# Mounten von eine windows partition



## sterndi (7. Mai 2002)

Hi All ! 

Sterndi ist wieder da.

Frage wie mounte ich eine Partition von windows 
windows_c wie erstelle ich eine verknüpfung in mein personal verzeichnis )))))))


ich hoffe ihr könnt ma helfen

mfg sterndi


----------



## Christian Fein (8. Mai 2002)

wenn die Platte C
die 1 partition auf der Primary HD ist dann:
mount /dev/dha1 /mnt/platteC

z.B.
so von hand.

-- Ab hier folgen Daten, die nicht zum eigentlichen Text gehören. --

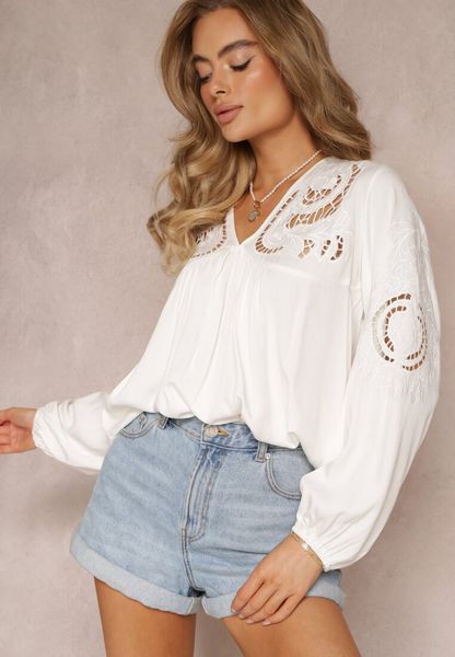 Biała Bluzka Wiązana na Plecach z Ażurowym Haftem z Wiskozy Conleia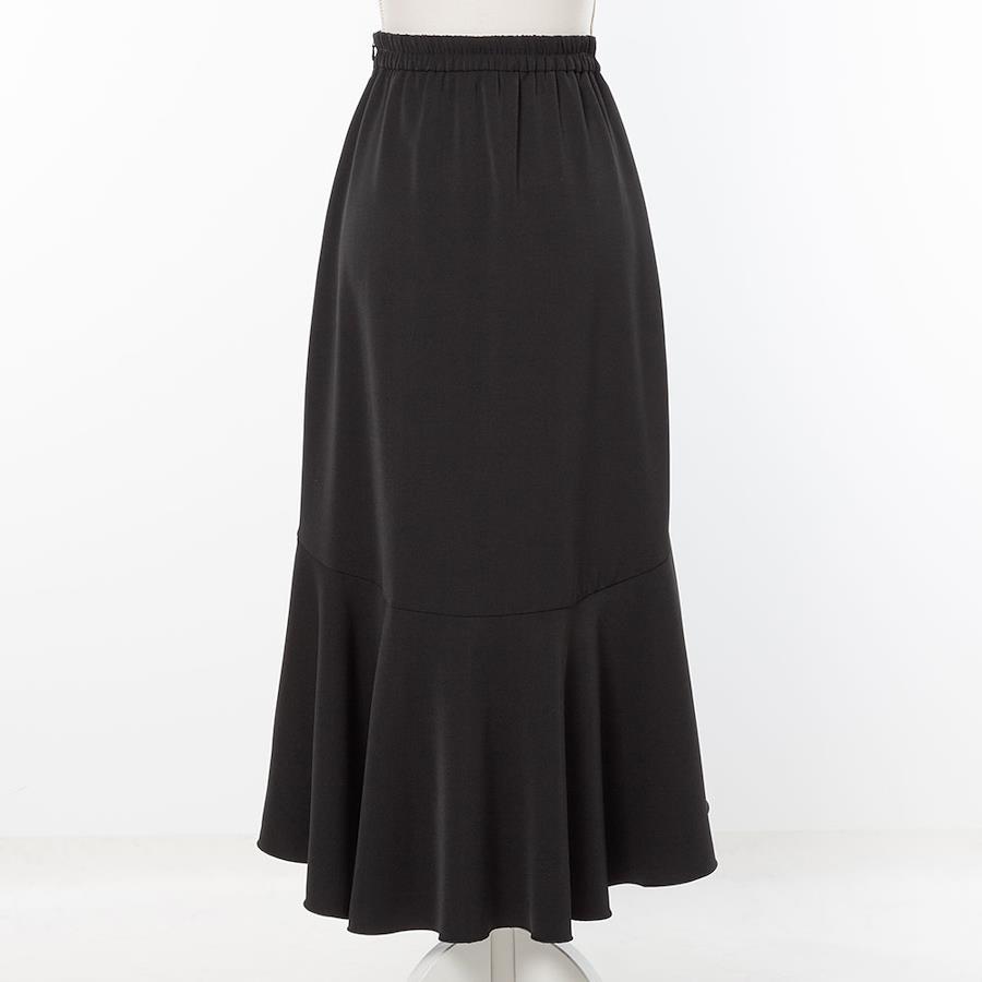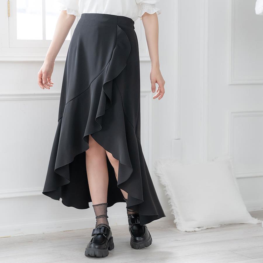 アシメフリルデザインが可愛いマーメイドスカートのご紹介。【デザイン】花びらみたいにふわりとなびくヘムが女の子らしく華やかな印象にしてくれるマーメイドスカート。前後で丈差のあるフィッシュテールの様なデザインになっており、コーデのアクセントに!程よく肌見せしながらも長めの丈感が上品で、歩くたびにひらひらと揺れるのがポイント◎左脇ファスナーを開けて着脱する仕様です。後ろウエストはゴムになっているので、履き心地も抜群です♪

Ansonsten gehen deine Automatischen Mounts in die date 
/etc/fstab


----------



## Marcus Roffmann (8. Mai 2002)

Man sollte dabei allerdings immernoch beachten, das je nach Filesystem (NTFS, FAT32, FAT usw.) auch noch eine Bezeichnung des FS-Typs angegeben werden sollte.

Beispiel mit NTFS Partition:
*mount -t ntfs /dev/hda1 /mnt/platteC*

Ansonsten kann man es alternativ auch mit
*mount -t autofs /dev/hda1 /mnt/platteC*
versuchen.

Weitere Möglichkeiten findest Du im Manual von mount (man mount).


----------